My father kept his hand around me, patting my back soothly. 

"Appa..." I said and he hummed in response

"hmm?"

"Am I a bad person?" I asked him directly. I want to know. If that is true, I don't want to bother the people I love. 

"Byul-ah, listen to me, I have never seen such a nice and kind person than you. I am glad that you are my daughter. I am proud that I raised you well enough that you didn't abandon us and you take care of us. Everyone has flaws my child, but you definitely are a good person" My father said and and I couldn't help but let the tears flow again. 

"Thank you appa" I whispered. 

"Mrs.Crybaby come here and eat your food palli" My mom shouted from near the dining table and I chuckled. 

I got up and went to the table. We talked and I ate a lot. It made me calm. I thanked them for food.

"I'll sleep here tonight" I said and went towards my room. I purposely left my phone in the living room. I don't want to talk to anyone now. 

I went upstairs, saw my bed and my things just like they are always. i slumped into the sheets. I closed my eyes as I let the warmth soothe my body with the covers. My head was paining a bit from the hit earlier....it'll leave a bruise tomorrow.

Those words keeps shouting in my head. 

'You are obssesive!'

'WE ARE NOT A FAMILY

'You treat us like children! You restrain us!'

I shook my head to remove those thoughts. I couldn't sleep, I turned on my left side, I was facing the window now. The bright moon was visible. I pulled the covers closer to me and snuggled in. 

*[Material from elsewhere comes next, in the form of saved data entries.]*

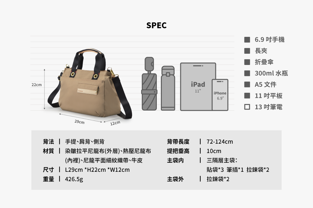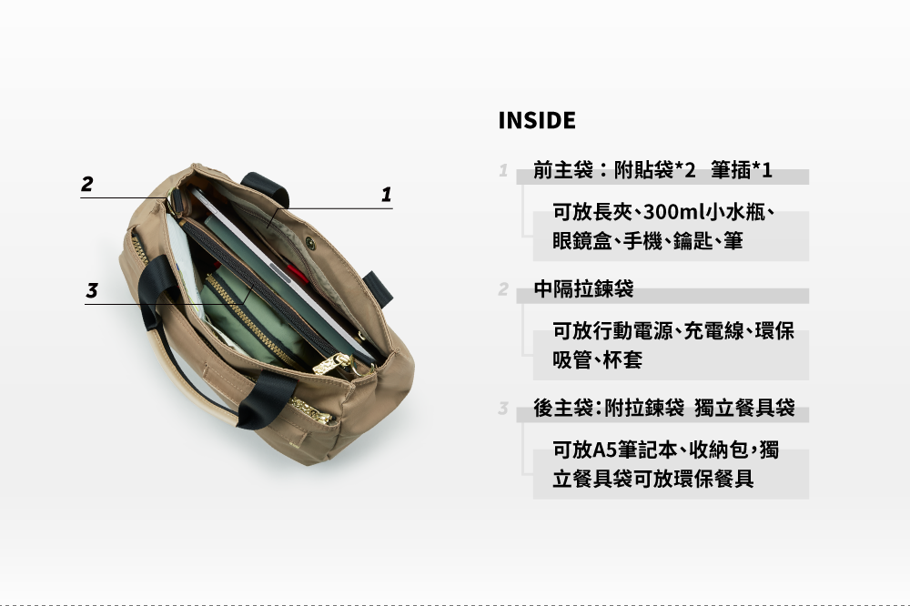 ▪ 內裡採防潑水熱壓尼龍,耐用好清潔
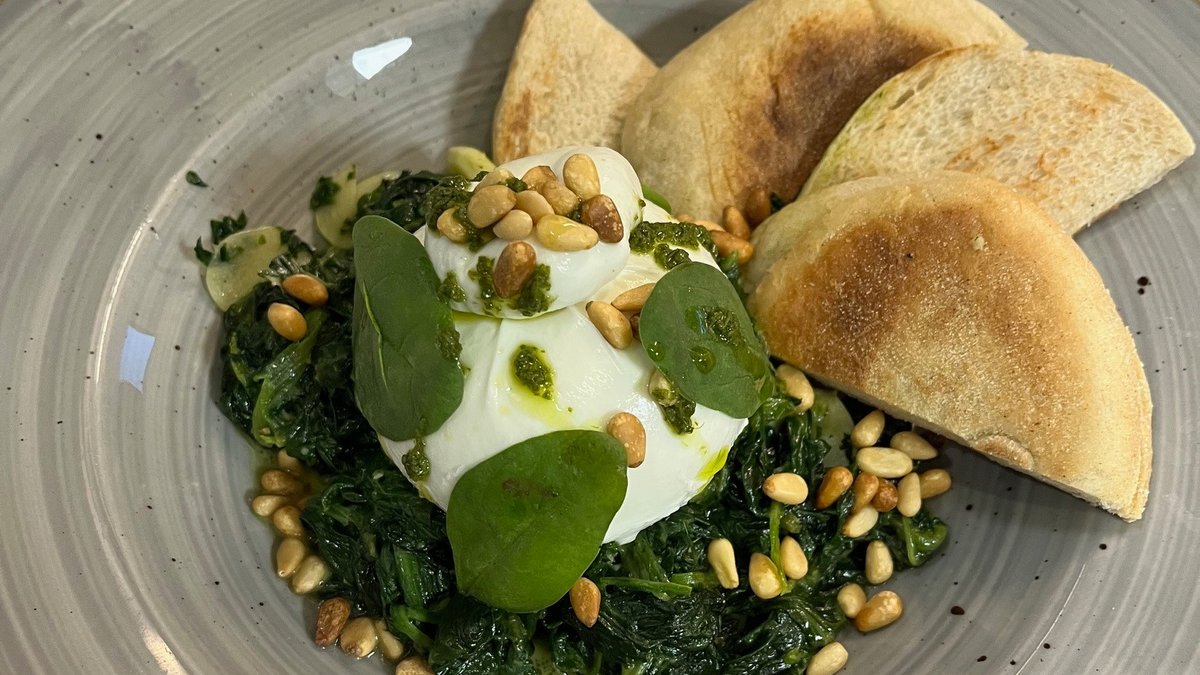 Fokhagymás spenót pirított fenyőmaggal, burratával és english muffinnal
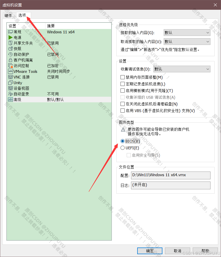 点击选项,再点击高级,勾选设置固件类型为BIOS。

What happened today was the worst. It stings my heart. All these years I thought I knew them fully and they knew me like that too. But, what she said earlier....did she kept all this inside her all along? Or was I not able to get the signals. Did I really went overbroad all these times? 

I heard the door knob click so I shut my eyes and pretended to sleep. As the door opened a cold breeze disturbed my warm void but then...it was replaced by the warmth that would have me melt the moment it surrounded me.

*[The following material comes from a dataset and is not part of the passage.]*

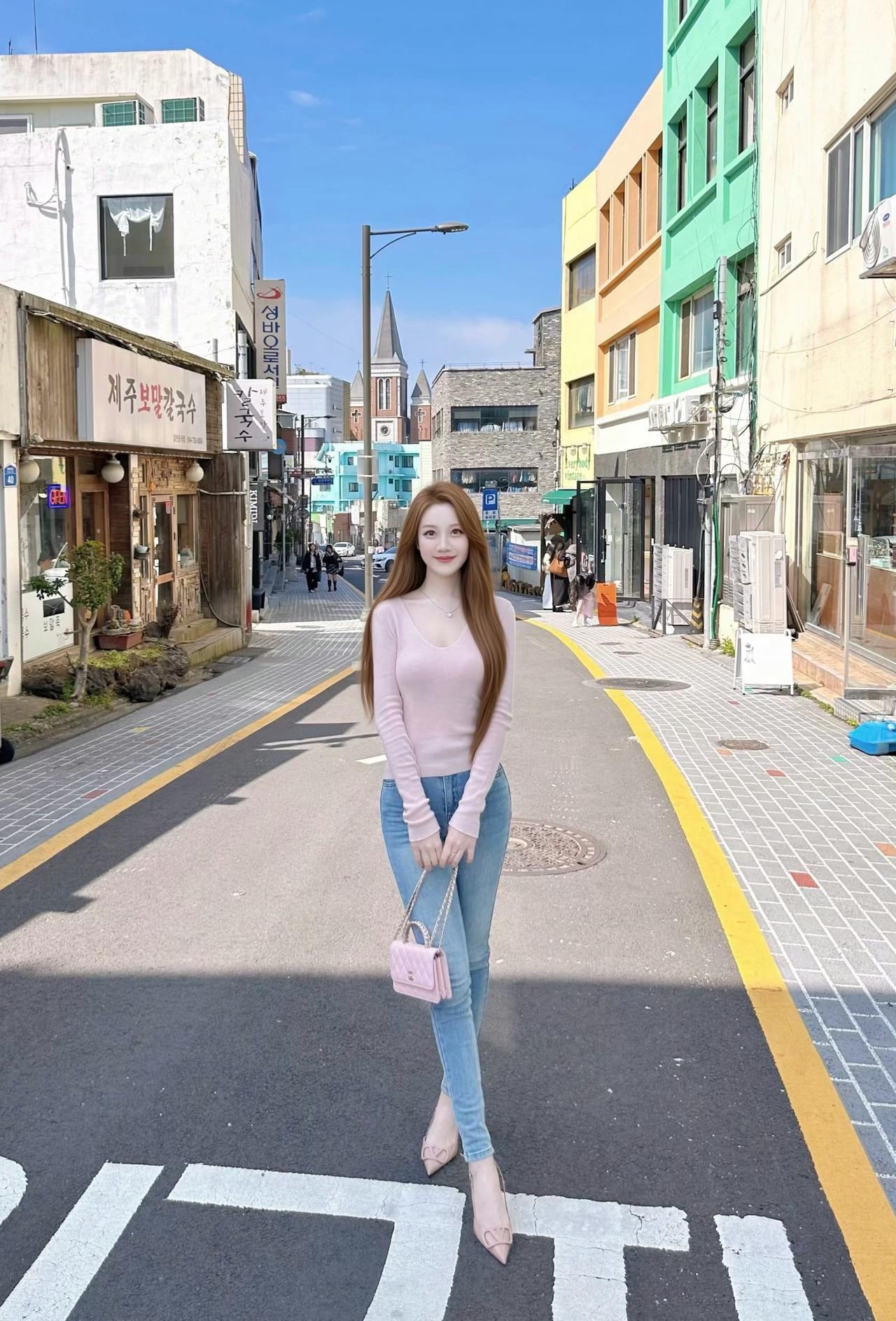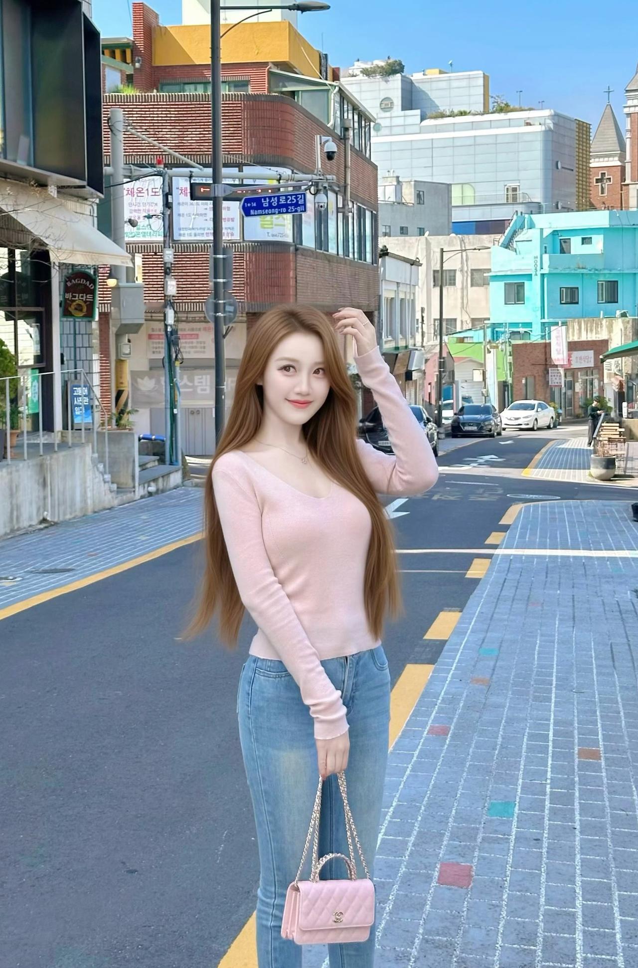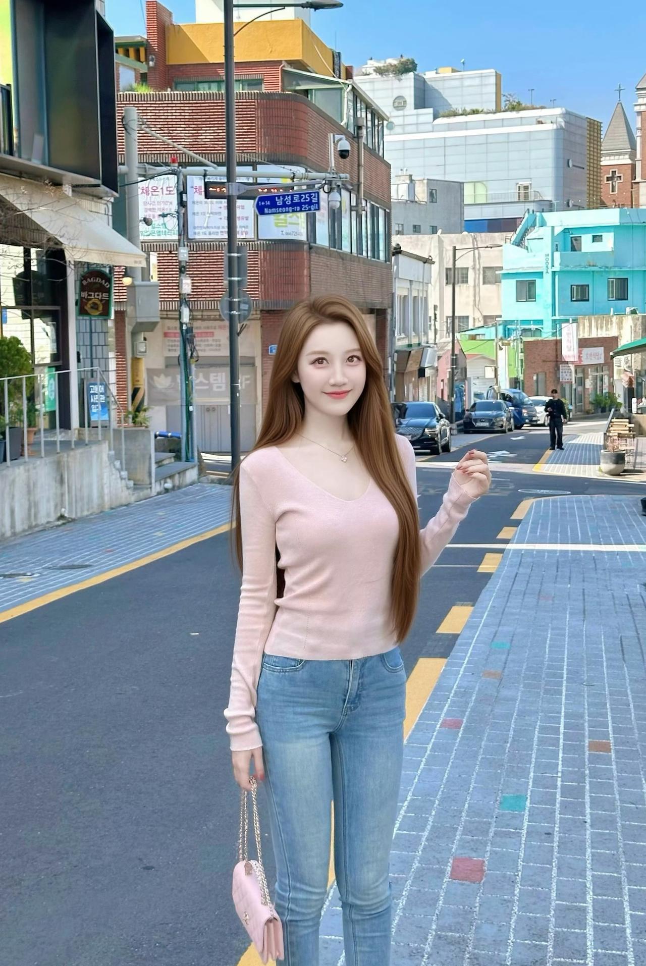 首尔街头的风,带着阳光的温度。浅粉针织衫搭配牛仔裤,把温柔和松弛感都穿在了身上,随手一拍都是韩剧女主的日常。

I felt a pair of hands pull me closer to a body. I kept my eyes shut as I inhaled the addictive scent. Tears formed in my eyes. I let them flow.

I felt the latter stroking my hair smoothly, which calmed me. 

"Shhh..." She said as she placed feather soft kisses on my cheeks to wipe my tears.

I felt secured. I quickly turned around and hugged her so tightly, I don't want to let go. 

"Byul-ah....calm down" That sweet voice entered my ears, which sent shivers to my spine. She had me in her embrace. 

It was not a surprise that she found out where I was. I am feeling better now. 

"Byul-ah what happened to your car? why is your forehead red? Did you ot into accident? Ofcourse you did...stupid me!...Are you hurt somewhere?" She bobarded all those questions. I thought she was doing a rap....

I replied her so many questions with a simple nod. And I kept crying in her arms. 

But....

A thought popped in my mind, I separated myself from her and sat up on the bed. I wiped my tears with my hand 

She looked at me puzzled, trying to read my face.

"Yong...." I looked in her eyes. I was fidgeting with my fingers. 

"yes baby?" She kept her hand on my shoulder to encourage me to speak. I took a deep breath and decided to 

"Do you too p--"

"Ofcourse not Byulie" She interrupted me. She knew what I was going to ask. I nodded my head. She opened her arms, and I got in her embrace. She rested on the headboard, she kept her chin on my head as she embraced me and drew some random patterns along my body, to soothe me.